Заявление подается классному воспитателю Вашего ребенка.
Первая моя поездка за последние три года, а в детстве каждый год — это целая вечность! И самая первая самостоятельная поездка без родителей! Впервые с тех пор, как мы сюда переехали, я буду жить где-то вне привычного Хозяйства! Конечно же, тут тебе и радость, и нетерпение, и гордость, и страхи, и переживаниями, конечно же, досада на ожидаемые неудобства и лагерную дисциплину. Но все уже готово: все инстанции обеганы, я снят с продовольственного учета, вещи упакованы, все родительские поучения в голову вложены, и вот уже путешествие позади и я — в долине Кампа, вдалеке от железной дороги, впереди два долгих детских месяца казарменного житья, на протяжении которых я целиком отдан на милость учителей, вожатых и школьных товарищей, вот уже на завтрак через силу проглочен первый кусок кислого солдатского хлеба, который комом встает в горле, и перетерплена (куда денешься) под злобный лай старшего вожатого, немца из рейха («Вы меня еще узнаете!»), первая, проведенная в честь Дня Труда линейка с подъемом флага, и пережит мучительный урок на пленэре: тупым карандашом и еще не наметанным глазом под суровым руководством сделан первый рисунок с натуры, неправильно скомпонованный на шершавой серой бумаге, с ошибками в пропорциях, но тем не менее доставивший огромное удовольствие тем, что вот они на бумаге — те самые семь каменных плит и окна с частым переплетом, и у меня изображены как окна с частым переплетом, и все это дало на бумаге тот самый дом, который я видел перед собой, мелочная лавка, что стоит в этом городке, с парадным входом в магазин и фальшивой дверью сбоку, тот самый старенький домик, каких, говорят, много в этом городишке Храце, в котором, кажется, все подряд носят фамилию Кинаст и о котором Айкснер — единственный, всеми высмеиваемый друг всеми высмеиваемого Крохи — знает так много всего интересного и так увлекательно и умно об этом рассказывает; уже пережита жуть первого тоскливого взгляда на серые закоулки внутренних дворов нашей гостиницы, от которой ты готов взвыть, словно отбившаяся от дома собака, уже пришло понимание: «главное теперь — это как-то выдержать девять предстоящих недель серой лагерной жути», и вот я уже сижу у Ходлера на кровати, в комнате, куда он собирается как-нибудь перетащить и меня: «Ох, чует мое сердце, зададут нам тут жару!»

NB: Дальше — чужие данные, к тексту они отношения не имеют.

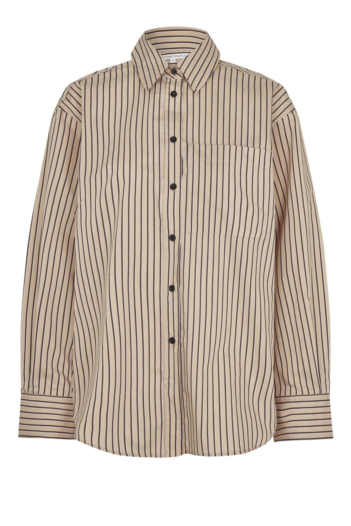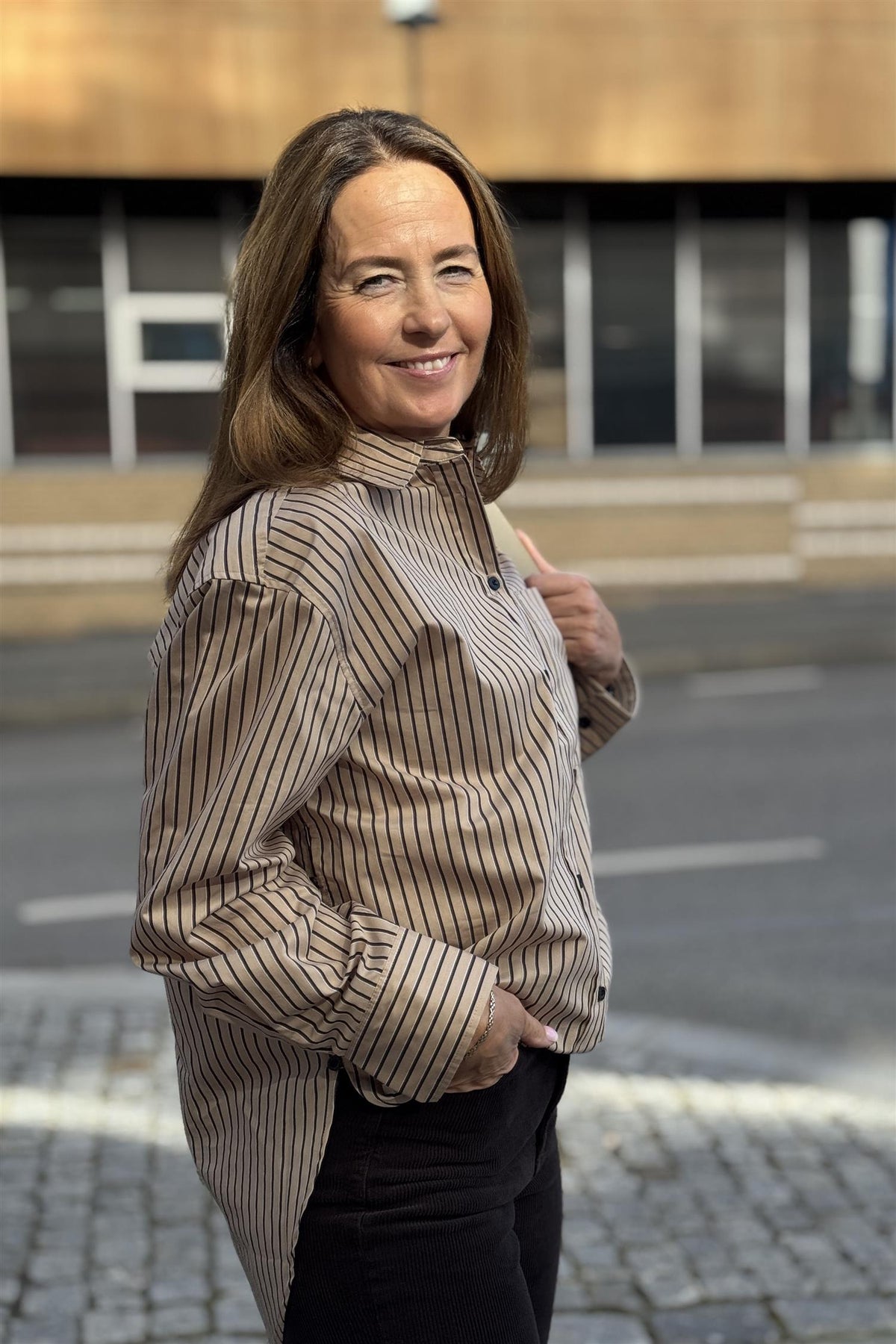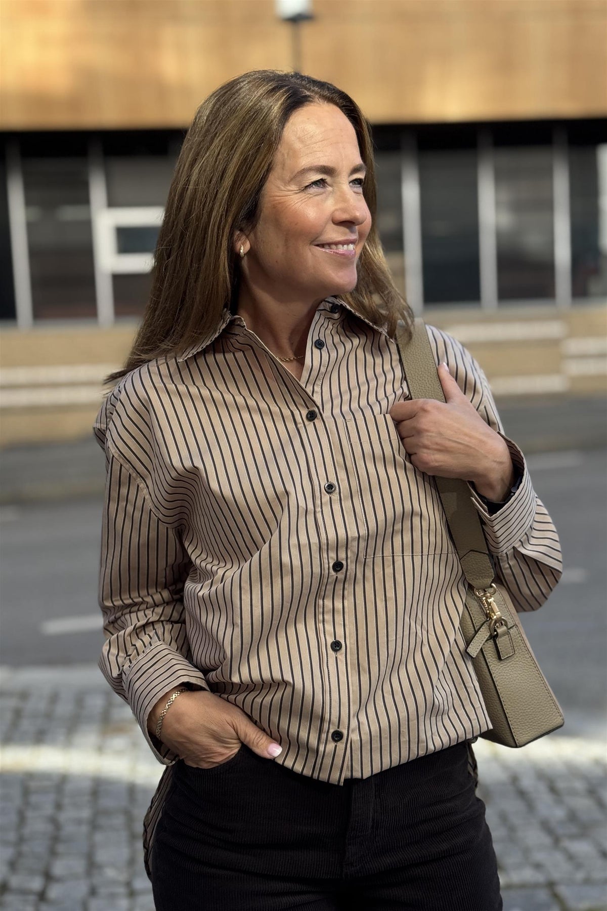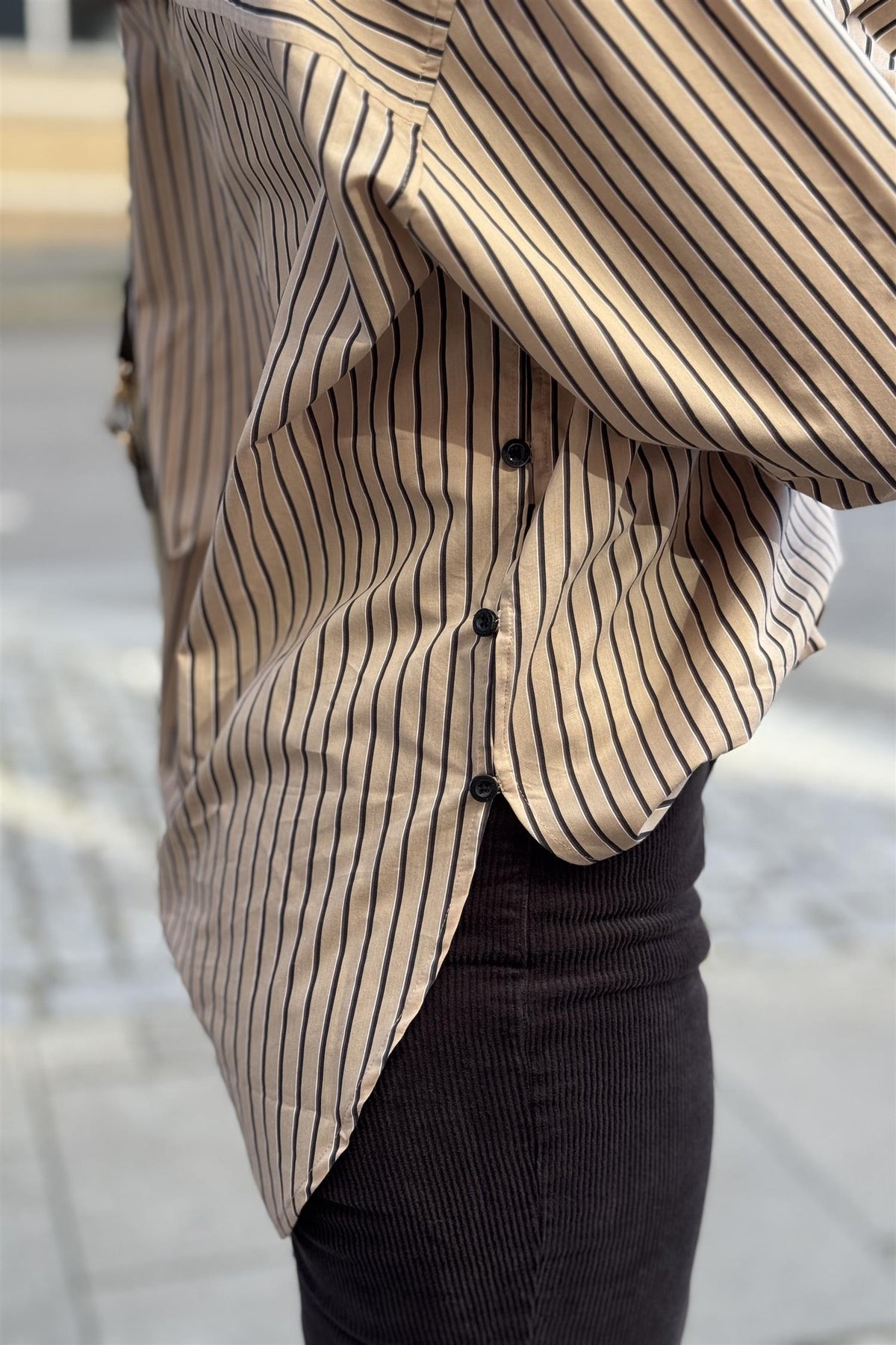 Tøff storskjorte fra Second Female med striper i hvit, brun og sort på beige bunn. Serina shirt har knapper i siden og avrundet form nederst på midtstykket. Sorte knapper som en fin kontrast, samt en stor brystlomme på venstre side. Knapper i bred mansjett.

Грузноватый король скучает. Его вассалы из кожи лезут, чтобы его развлечь; вассалы — это притворно угодливый долговязый Павиани и миниатюрный весельчак Вульш, довольный тем, что нашел себе такого господина, который хоть и может нашуметь, но в душе добряк.
— Спроси его, — говорит Павиани, глядя прищуренными узкими глазами, — знает ли он уже, что ему делать с девчонкой.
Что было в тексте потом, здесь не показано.